Las reacciones a los discursos de los diputados son de una reactividad poco estimulante y primaria, de presión contra candidatos a ser personas non gratas y de maniqueísmos frívolos. Aplausos y entusiasmo para los adeptos a la causa y abucheos e insultos para un abanico representativo que va desde el PSC hasta Joan Coscubiela pasando por los Cs de Inés Arrimadas y el PP de Xavier García Albiol. Cuando Alejandro Fernández aparece en pantalla, haciendo una diatriba barroca sobre el perverso talento lacrimógeno de Oriol Junqueras, se escucha un genuino y rotundo: “¡Calla, burro!”.
Cualquier intento de etiquetar a la gente resulta estéril.
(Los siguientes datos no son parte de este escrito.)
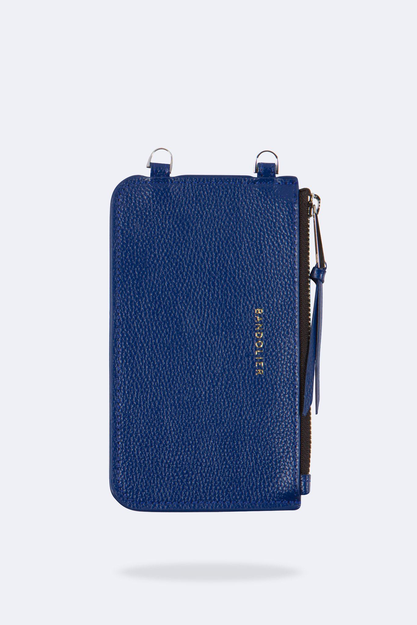 The Bandolier Flat Pouch is an absolute must-have! It's perfect for your keys, passport, lipstick, tickets, sunglasses and so much more. Featuring a classic royal blue leather body and silver-tone details, the Classic Pouch is an add-on to any Bandolier crossbody case. Its d-ring design allows for easy on and off access to your Bandolier strap and features a high quality pull zipper opening.

La diversidad es la de un bazar social que incluye cabezas rapadas y melenudos, trajes y camisetas, padres e hijos, abuelos y nietos, heteros y homos, lazos amarillos, ciclistas y fotógrafos ávidos de inmortalizar la potencia simbólica de un momento amenazado por la inminencia del artículo 155. Bajo los porches del paseo Picasso, hay rincones reservados para los cartones de los sintecho que duermen aquí cada noche y un local,
Dans le noir, que invita a cenar a oscuras, como si quisiera sumarse a la incertidumbre general. Marta Rovira habla de la revolución cultural, y Albiol es abroncado cuando denuncia la improcedencia de los procedimientos y la desautorizada autoridad de la presidenta Carme Forcadell. Anna Gabriel, muy aplaudida, cita a Salvat-Papasseit y la tensión parlamentaria se contagia a unos manifestantes que, durante la votación definitiva, celebran cada voto afirmativo como cuando, en el Camp Nou, Manel Vic recitaba la alineación del Barça. “A ver si ahora saldrá que no”, dice un manifestante nervioso y expectante. Gana el sí y la reacción es impresionante: abrazos, llantos, gozo, saltos y una especie de emoción al límite de la espiritualidad, con puños y móviles alzados, mucha memoria intergeneracional y una interpretación de Els segadors que suena más intensa que nunca. A medida que la concentración se disuelve, los manifestantes extienden su entusiasmo y la buena nueva más allá, hasta que, superado el exagerado perímetro de seguridad, se oyen las primeras bocinas de coches, furgonetas y motos. Subo al autobus 39. En los asientos de atrás, dos chicas de piercing y pelo azul comentan la actualidad mirando el móvil. Una le pregunta a la otra: “¿Y ahora ya no tenemos rey?”.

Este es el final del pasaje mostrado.